*** Opening Material provided ***
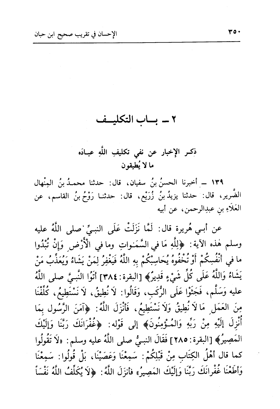 139 - أَخْبَرَنَا الْحَسَنُ بْنُ سُفْيَانَ قَالَ حَدَّثَنَا مُحَمَّدُ بْنُ الْمِنْهَالِ الضَّرِيرُ قَالَ حَدَّثَنَا يَزِيدُ بْنُ زُرَيْعٍ قَالَ حَدَّثَنَا رَوْحُ بْنُ الْقَاسِمِ عَنِ الْعَلَاءِ بْنِ عَبْدِ الرَّحْمَنِ عَنْ أَبِيهِ عَنْ أَبِي هُرَيْرَةَ قَالَ: لَمَّا نَزَلَتْ عَلَى النَّبِيِّ صَلَّى اللَّهُ عَلَيْهِ وَسَلَّمَ هَذِهِ الْآيَةُ {لِلَّهِ مَا فِي السَّمَاوَاتِ وَمَا فِي الْأَرْضِ وَإِنْ تُبْدُوا مَا فِي أَنْفُسِكُمْ أَو تُخْفُوهُ يُحَاسِبْكُمْ بِهِ اللَّهُ فَيَغْفِرُ لِمَنْ يَشَاءُ وَيُعَذِّبُ مَنْ يَشَاءُ وَاللَّهُ عَلَى كُلِّ شَيْءٍ قَدِيرٌ} أَتَوَا النَّبِيَّ صَلَّى اللَّهُ عَلَيْهِ وَسَلَّمَ فَجَثَوْا عَلَى الرُّكَبِ وَقَالُوا لَا نُطِيقُ لَا نَسْتَطِيعُ كُلِّفْنَا مِنَ الْعَمَلِ مَا لَا نُطِيقُ وَلَا نَسْتَطِيعُ فَأَنْزَلَ اللَّهُ {آمَنَ الرَّسُولُ بِمَا أُنْزِلَ إِلَيْهِ مِنْ رَبِّهِ وَالْمُؤْمِنُونَ} إلى قوله: {غُفْرَانَكَ رَبَّنَا وَإِلَيْكَ الْمَصِيرُ} فَقَالَ النَّبِيُّ صَلَّى اللَّهُ عَلَيْهِ وَسَلَّمَ: "لَا تَقُولُوا كَمَا قَالَ أَهْلُ الْكِتَابِ مِنْ قَبْلِكُمْ سَمِعْنَا وَعَصَيْنَا بَلْ قُولُوا سَمِعْنَا وَأَطَعْنَا غُفْرَانَكَ رَبَّنَا وَإِلَيْكَ الْمَصِيرُ" فَأَنْزَلَ اللَّهُ {لَا يُكَلِّفُ اللَّهُ نَفْساً2- بَابُ التَّكْلِيفِ
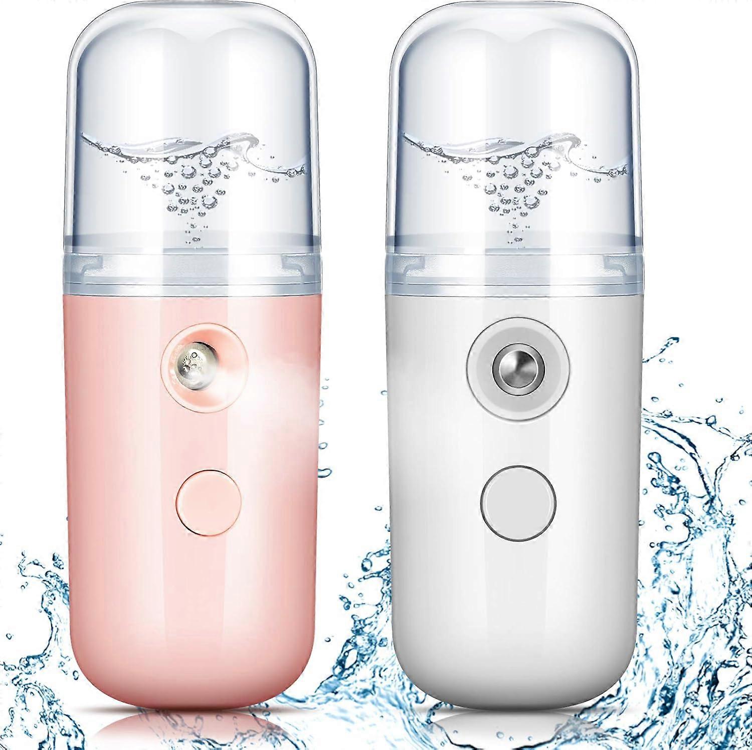 Pack of 2 Mini Facial Mists, 30 ml, Portable, USB Steamer for Facial Hydration (White and Light Pink)
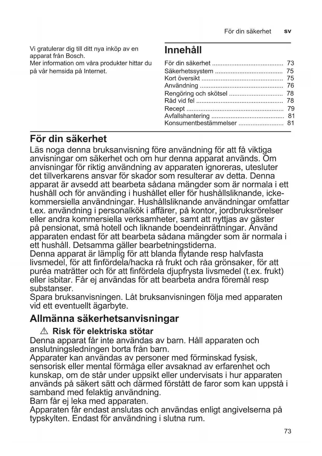 - För din säkerhet Läsnogadennabruksanvisningföreanvändningförattfåviktiga anvisningaromsäkerhetochomhurdennaapparatanvänds.Om anvisningarförriktiganvändningavapparatenignoreras,utesluter dettillverkarensansvarförskadorsomresulteraravdetta.Denna apparatäravseddattbearbetasådanamängdersomärnormalaiett hushållochföranvändingihushålletellerförhushållsliknande,icke- kommersiellaanvändningar.Hushållsliknandeanvändningaromfattar t.ex.användningipersonalkökiaffärer,påkontor,jordbruksrörelser ellerandrakommersiellaverksamheter,samtattnyttjasavgäster påpensionat,småhotellochliknandeboendeinrättningar.Använd apparatenendastförattbearbetasådanamängdersomärnormalai etthushåll.Detsammagällerbearbetningstiderna. Dennaapparatärlämpligförattblandaytanderesphalvfasta livsmedel,förattnfördela/hackaråfruktochråagrönsaker,föratt puréamaträtterochförattnfördeladjupfrystalivsmedel(t.ex.frukt) ellerisbitar.Fårejanvändasförattbearbetaandraföremålresp substanser. Sparabruksanvisningen.Låtbruksanvisningenföljamedapparaten videtteventuelltägarbyte. Allmänna säkerhetsanvisningar A Risk för elektriska stötar Dennaapparatfårinteanvändasavbarn.Hållapparatenoch anslutningsledningenbortafrånbarn. Apparaterkananvändasavpersonermedförminskadfysisk, sensoriskellermentalförmågaelleravsaknadaverfarenhetoch kunskap,omdestårunderuppsiktellerundervisatsihurapparaten användspåsäkertsättochdärmedförståttdefarorsomkanuppståi sambandmedfelaktiganvändning. Barnfårejlekamedapparaten. Apparatenfårendastanslutasochanvändasenligtangivelsernapå typskylten.Endastföranvändningislutnarum. Vigratulerardigtilldittnyainköpaven apparatfrånBosch. Merinformationomvåraprodukterhittardu påvårhemsidapåInternet. Innehåll Fördinsäkerhet p. 73
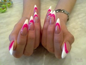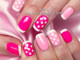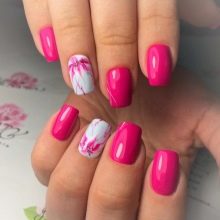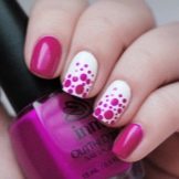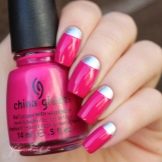 - With white. This is a very elegant and stylish combination. The versatility and complementarity of these colors will simply amaze you. Such a manicure does not need to use any additional shades. If you want to make white just a light accent, then cover only one nail with white varnish (you can use a picture), and apply a bright pink composition to the rest.
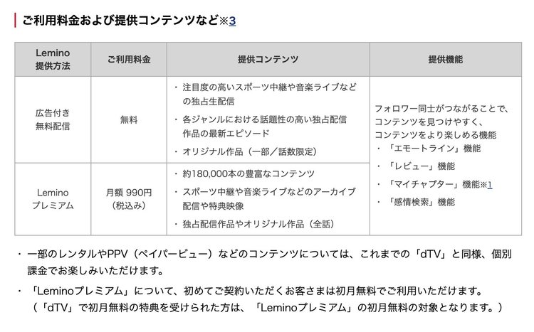 もっとも大きいのは利用料金の変化だろう。dTVは月額550円の定額制だったが、Leminoは基本サービスの場合は無料だ。最大18万本が視聴できる有料プラン「Leminoプレミアム」の場合、料金は月額980円になる。
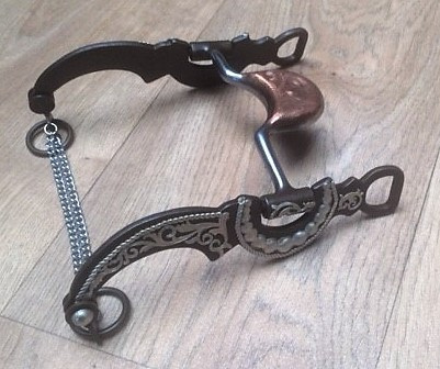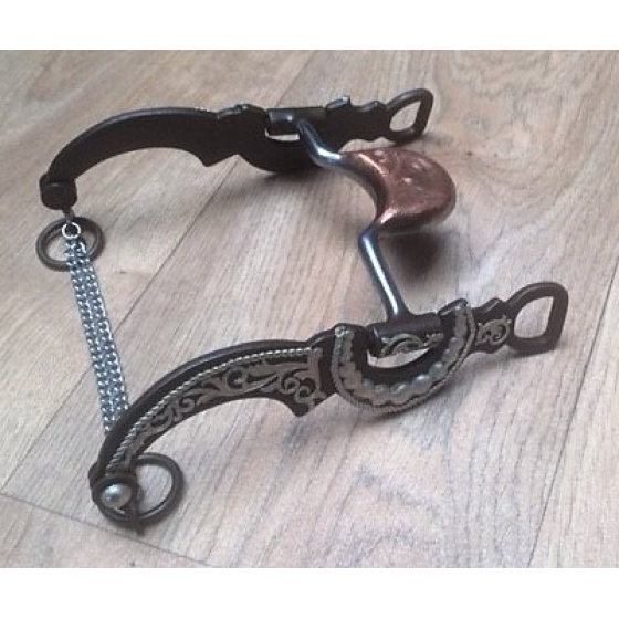 Tmavé westernové pákové udidlo zdobené stříbrným gravírováním, s měděným náustkem a řetízkem.
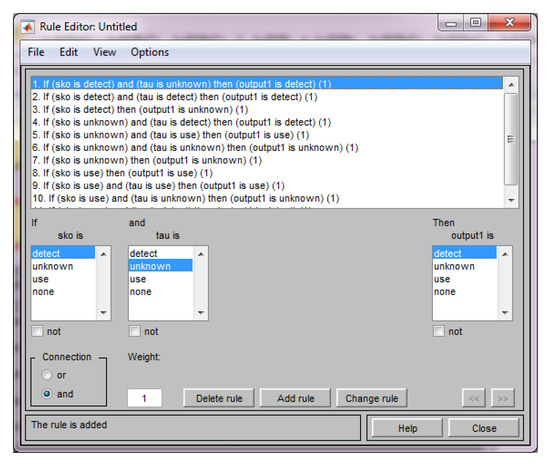 To make a decision in fuzzy logic, the rules were set (Figure 15).
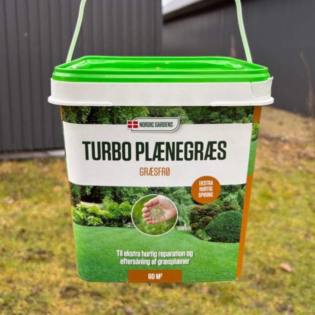 Turbo plænegræs er den rigtige græsblanding til ekstra hurtig reparation og eftersåning af græsplænen. Blandingen indeholder specielle sorter med særdeles hurtig fremspiring, også under kolde og vanskelige så-forhold. Sorterne i Turbo Plænegræs er sammensat så blandingen er særlig god til eftersåning i eksisterende plæne. Giver en høj grad af slidstyrke, god vinterfasthed og naturlig sundhed.
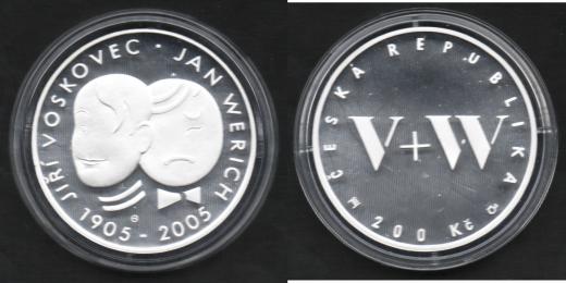 200 Kč 2005 - Voskovec a Werich, kapsle, etue, karta
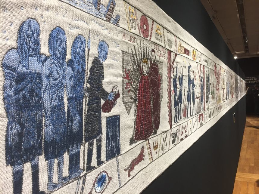 Экспозиция открыта до конца года, после чего гобелен отправят в Ирландию.На 90-метровом полотне в средневековом стиле изображены главные герои и сцены киносаги — семейство Старков, дракон, Король Ночи, дуэль принца Оберина и Горы, армия нежити, атакующая логово Трёхглазого Ворона и т.д.Отметим, гобелен по "Игре престолов" вывешен рядом со знаменитым памятником средневекового искусства — гобеленом из Байё, рассказывающим о нормандском завоевании Англии и событиях битвы при Гастингсе.
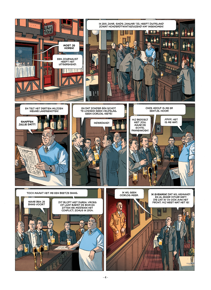 Chez Adolf 02 HC - 1939 - Het klimaat in Duitsland wordt steeds grimmiger. Nog maar weinigen durven zich openlijk te verzetten tegen het naziregime dat zich voordoet als de redder van het land en met ijzeren vuist alle sectoren van het politieke en bestuurlijke leven regeert. Te midden van dit alles probeert professor Karl Stieg, een alledaagse en terughoudende man, de storm te overleven door te zwijgen en weg te kijken. Maar hoelang kan hij zijn ogen sluiten voor het onrecht dat hem omringt?
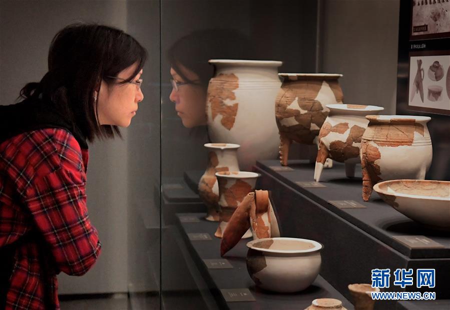 參觀者在二里頭夏都遺址博物館內(nèi)觀看展出的陶器(10月19日攝)。新華社記者李安攝
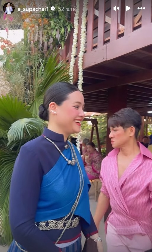 ทั้งนี้ทำเอาหลายคนคนหลุดโฟกัสที่ แคท เสปอร์บันด์ พี่สาวของ ญาญ่า ที่สวยไม่แพ้น้องสาวเลยทีเดียว พี่แคทในชุดไทยห่มสไบสีน้ำเงินดูหวานละมุนและมีจริตที่อ่อนช้อยมาก รอยยิ้มที่สดใสสะท้อนถึงความดีใจอย่างที่สุดที่ได้เห็นน้องสาวสุดที่รักเป็นฝั่งเป็นฝา
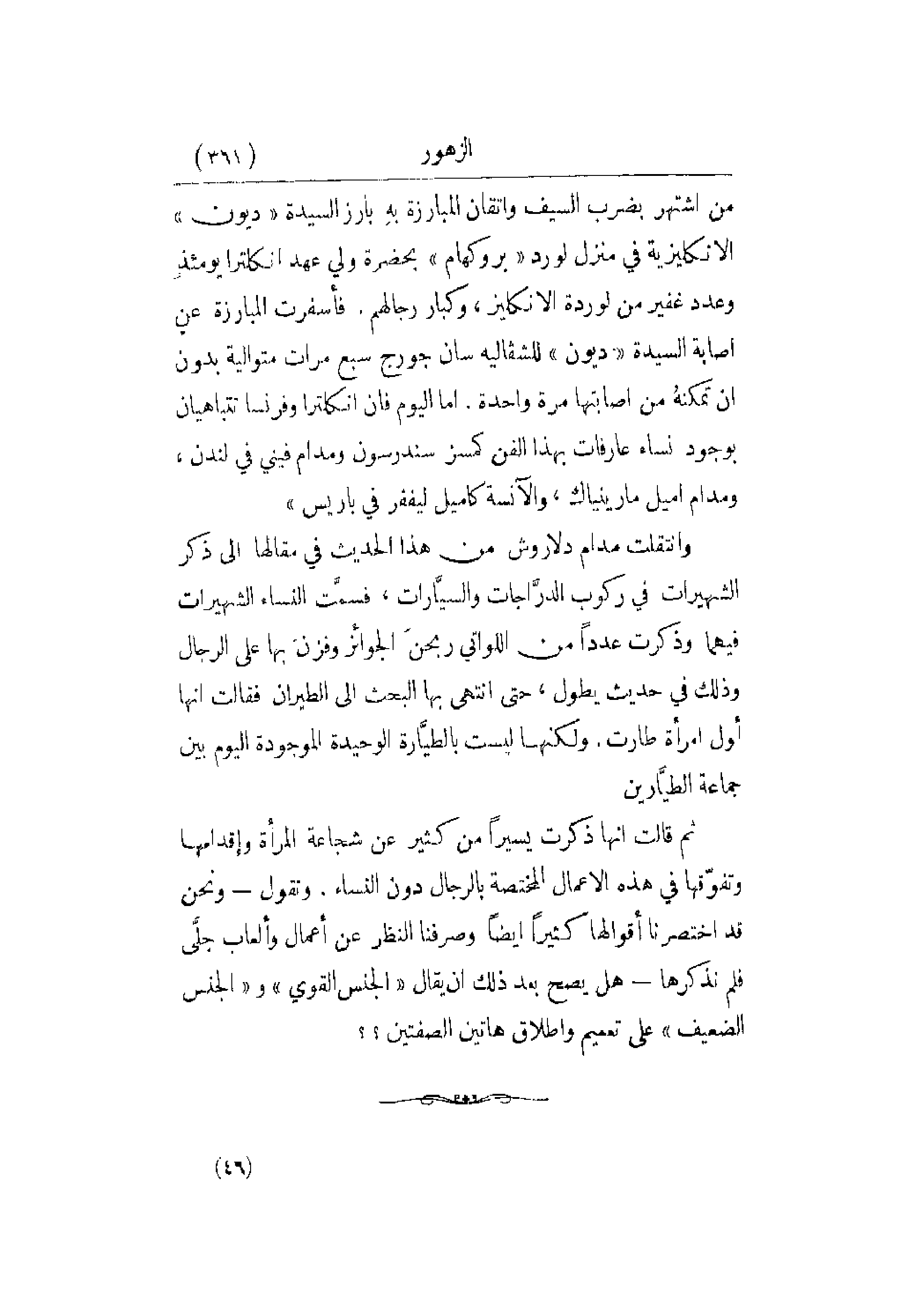 سان جورج سبع مرات متوالية بدون أن تمكنهُ من إصابتها مرة واحدة. أما اليوم فإن انكلترا وفرنسا تتباهيان بوجود نساء عارفات بهذا الفن كمسز سندرسون ومدام فيني في لندن , ومدام اميل مارينياك , والآنسة كاميل ليففر في باريس. وانتقلت مدام دلاروش من هذا الحديث في مقالها إلى ذكر الشهيرات في ركوب الدرَّاجات والسيَّارات , فسمَّت النساء الشهيرات فيهما وذكرت عدداً من اللواتي ربحنَ الجوائز وفزنَ بها على الرجال وذلك في حديث يطول , حتى انتهى بها البحث إلى الطيران فقالت أنها أول امرأة طارت. ولكنها ليست بالطيَّارة الوحيدة الموجودة اليوم بين جماعة الطيَّارين. ثم قالت أنها ذكرت يسيراً من كثير عن شجاعة المرأة وإقدامها وتفوّقها في هذه الأعمال بالرجال دون النساء. ونقول - ونحن قد اختصرنا أقوالها كثيراً أيضاً وصرفنا النظر عن أعمال وألعاب جلَّي فلم نذكرها - هل يصح بعد ذلك أن يقال الجنس القوي والجنس الضعيف على تعميم وإطلاق هاتين الصفتين؟؟
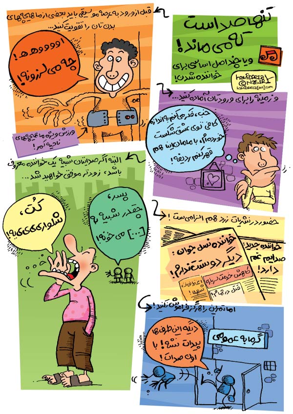 This is a comic strip on pop music and singers and teaches you how to become a successful singer in 5 steps! At first you have to practice dancing and then leave your home and family (specially your mom!) after you'd better sing like a famous artist. Interview with magazines and at last if you have time you would do some practices for singing!
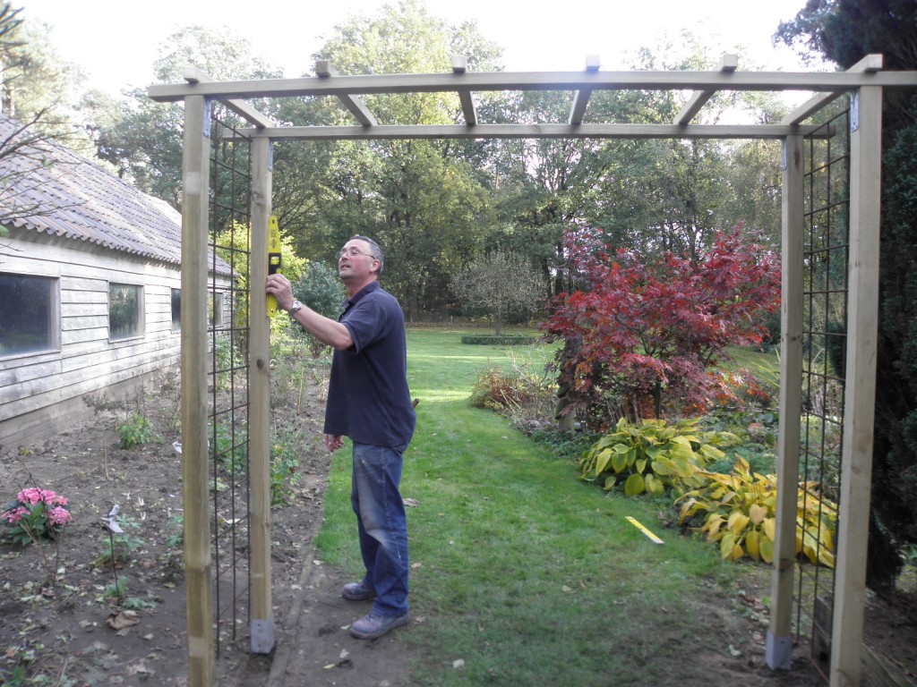 Michel zet voor mij de nieuwe pergola in elkaar. Nauwkeurig wordt alles op maat gezaagd. Dan staat hij er, waterpas. Nu kan ik hem laten begroeien met mijn favoriete klimplanten. Klimop komt er niet meer bij!
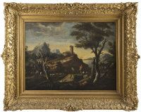 Capriccio landscape with fishermen, sheep and goats grazing on a river bank, a fortress in the distance
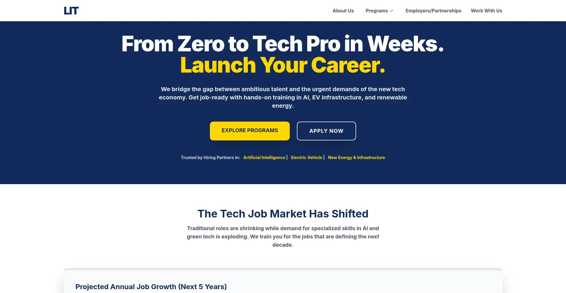 LIT offers hands-on training and certification in high- growth fields like Al Engineering, EV Technology, Solar Installation, and more. Launch your tech career in weeks, not years.
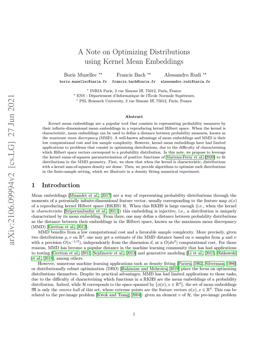 A Note on Optimizing Distributions using Kernel Mean Embeddings
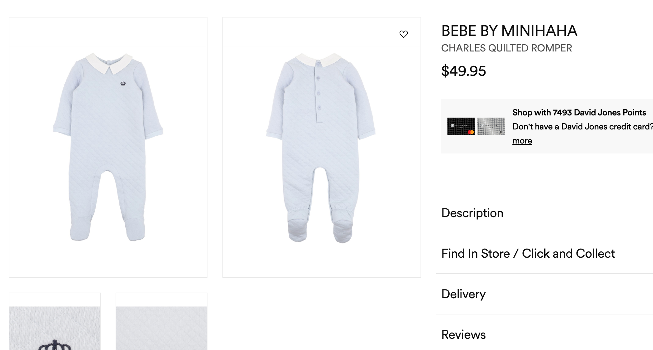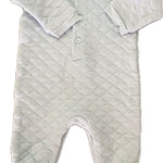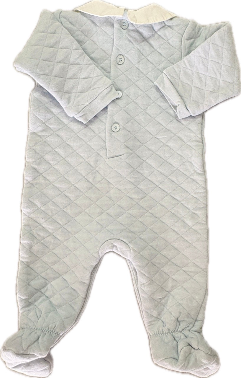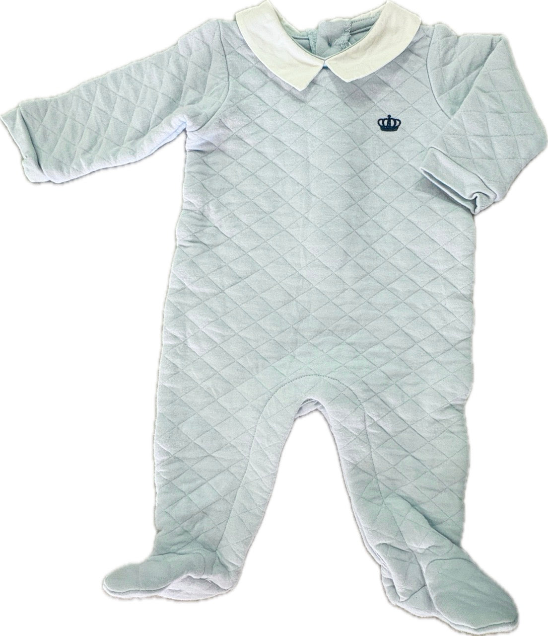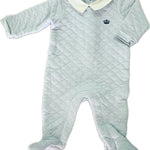 This quilted long sleeve romper features a contrast cotton collar, crown embroidery on the front chest, concealed press stud closure and buttons at the back neck.
*** Closing Material provided ***
- What the task requires
Reproduce exactly, with no pictures, the lines above from the one holding "To make a decision" to the one holding "200 Kč 2005", inclusive.

- Written response
 To make a decision in fuzzy logic, the rules were set (Figure 15).
 Turbo plænegræs er den rigtige græsblanding til ekstra hurtig reparation og eftersåning af græsplænen. Blandingen indeholder specielle sorter med særdeles hurtig fremspiring, også under kolde og vanskelige så-forhold. Sorterne i Turbo Plænegræs er sammensat så blandingen er særlig god til eftersåning i eksisterende plæne. Giver en høj grad af slidstyrke, god vinterfasthed og naturlig sundhed.
 200 Kč 2005 - Voskovec a Werich, kapsle, etue, karta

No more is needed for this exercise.